■ **Data provided**:

======

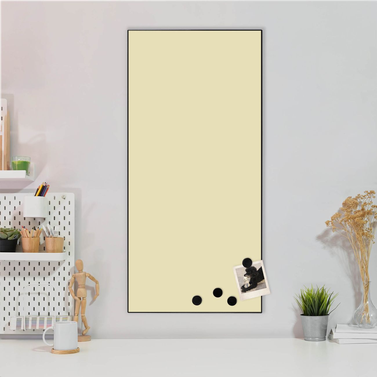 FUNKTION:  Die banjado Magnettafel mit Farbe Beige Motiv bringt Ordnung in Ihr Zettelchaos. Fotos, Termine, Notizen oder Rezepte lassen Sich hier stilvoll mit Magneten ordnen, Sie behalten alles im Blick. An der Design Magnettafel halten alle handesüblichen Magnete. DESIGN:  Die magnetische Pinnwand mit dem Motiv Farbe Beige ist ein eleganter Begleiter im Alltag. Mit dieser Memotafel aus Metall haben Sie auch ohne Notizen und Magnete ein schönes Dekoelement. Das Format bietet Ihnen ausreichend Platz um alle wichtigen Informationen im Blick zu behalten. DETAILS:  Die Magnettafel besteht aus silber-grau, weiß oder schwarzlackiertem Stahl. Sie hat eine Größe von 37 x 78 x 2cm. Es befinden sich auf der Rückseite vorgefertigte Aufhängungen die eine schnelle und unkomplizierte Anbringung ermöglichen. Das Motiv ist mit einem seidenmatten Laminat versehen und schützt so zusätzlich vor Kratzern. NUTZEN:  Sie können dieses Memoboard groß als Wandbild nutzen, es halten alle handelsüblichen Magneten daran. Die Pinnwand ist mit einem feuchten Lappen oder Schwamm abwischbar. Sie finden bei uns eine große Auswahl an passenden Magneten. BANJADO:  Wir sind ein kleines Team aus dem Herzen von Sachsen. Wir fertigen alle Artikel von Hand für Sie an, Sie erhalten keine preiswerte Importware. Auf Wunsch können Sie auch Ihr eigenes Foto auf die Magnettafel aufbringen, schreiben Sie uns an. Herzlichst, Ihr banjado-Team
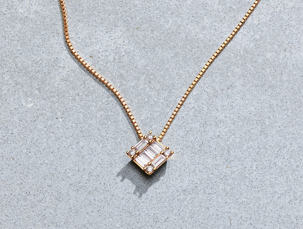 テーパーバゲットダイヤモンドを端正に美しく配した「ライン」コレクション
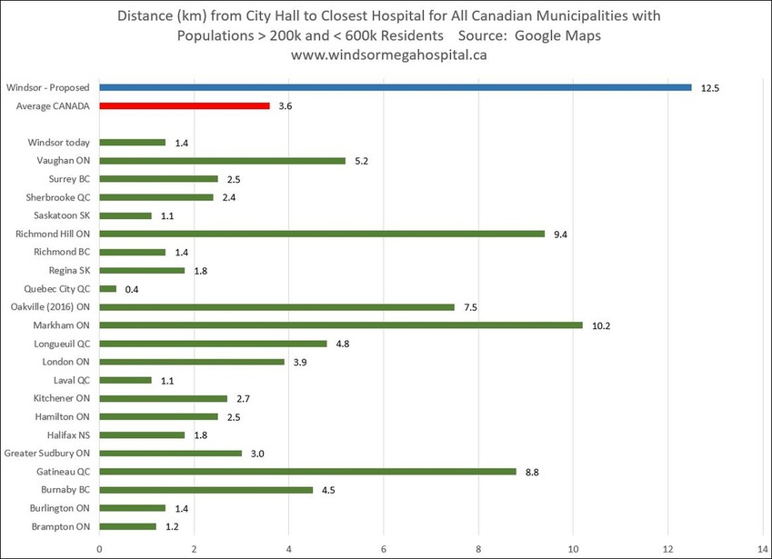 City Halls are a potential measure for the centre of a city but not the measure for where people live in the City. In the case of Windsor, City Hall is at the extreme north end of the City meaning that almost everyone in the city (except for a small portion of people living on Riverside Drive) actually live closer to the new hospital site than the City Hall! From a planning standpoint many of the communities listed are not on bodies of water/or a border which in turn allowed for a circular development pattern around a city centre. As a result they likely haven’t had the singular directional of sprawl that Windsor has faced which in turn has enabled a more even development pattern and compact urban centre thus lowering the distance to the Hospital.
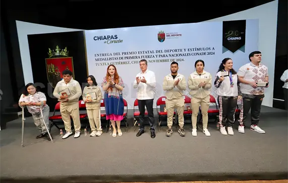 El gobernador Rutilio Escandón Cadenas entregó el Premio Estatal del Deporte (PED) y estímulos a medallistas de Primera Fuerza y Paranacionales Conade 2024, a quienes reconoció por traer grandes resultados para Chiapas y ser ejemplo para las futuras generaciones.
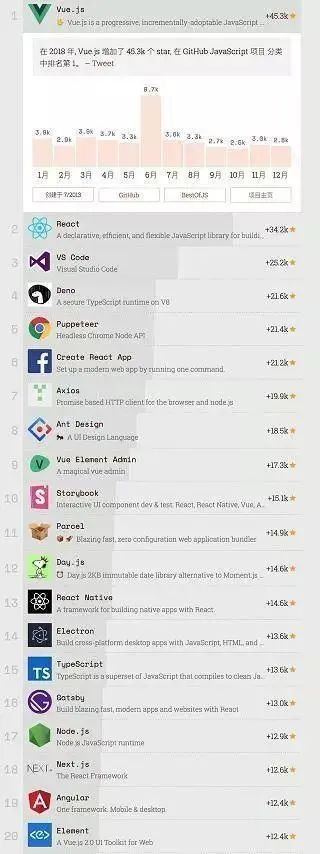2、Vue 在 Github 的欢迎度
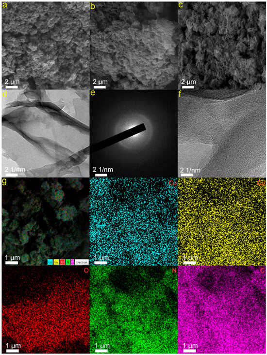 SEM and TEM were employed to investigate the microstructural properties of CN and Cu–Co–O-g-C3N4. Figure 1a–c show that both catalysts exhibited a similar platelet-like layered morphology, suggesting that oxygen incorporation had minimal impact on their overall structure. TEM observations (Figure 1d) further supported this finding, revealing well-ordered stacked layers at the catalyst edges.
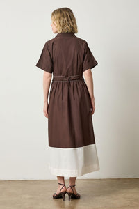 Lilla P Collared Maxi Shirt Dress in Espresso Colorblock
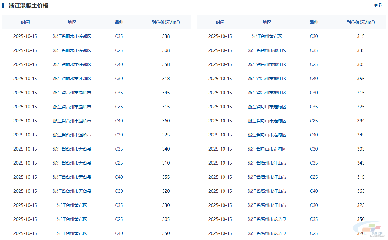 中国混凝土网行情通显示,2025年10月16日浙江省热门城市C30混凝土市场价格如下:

======

Both boundary lines included, write out word for word only the lines above from the one containing "テーパーバゲットダイヤモンドを端正に美しく配した「ライン」コレクション" to the one containing "2、Vue 在 Github 的欢迎度", leaving out any pictures.

 テーパーバゲットダイヤモンドを端正に美しく配した「ライン」コレクション
 City Halls are a potential measure for the centre of a city but not the measure for where people live in the City. In the case of Windsor, City Hall is at the extreme north end of the City meaning that almost everyone in the city (except for a small portion of people living on Riverside Drive) actually live closer to the new hospital site than the City Hall! From a planning standpoint many of the communities listed are not on bodies of water/or a border which in turn allowed for a circular development pattern around a city centre. As a result they likely haven’t had the singular directional of sprawl that Windsor has faced which in turn has enabled a more even development pattern and compact urban centre thus lowering the distance to the Hospital.
 El gobernador Rutilio Escandón Cadenas entregó el Premio Estatal del Deporte (PED) y estímulos a medallistas de Primera Fuerza y Paranacionales Conade 2024, a quienes reconoció por traer grandes resultados para Chiapas y ser ejemplo para las futuras generaciones.
2、Vue 在 Github 的欢迎度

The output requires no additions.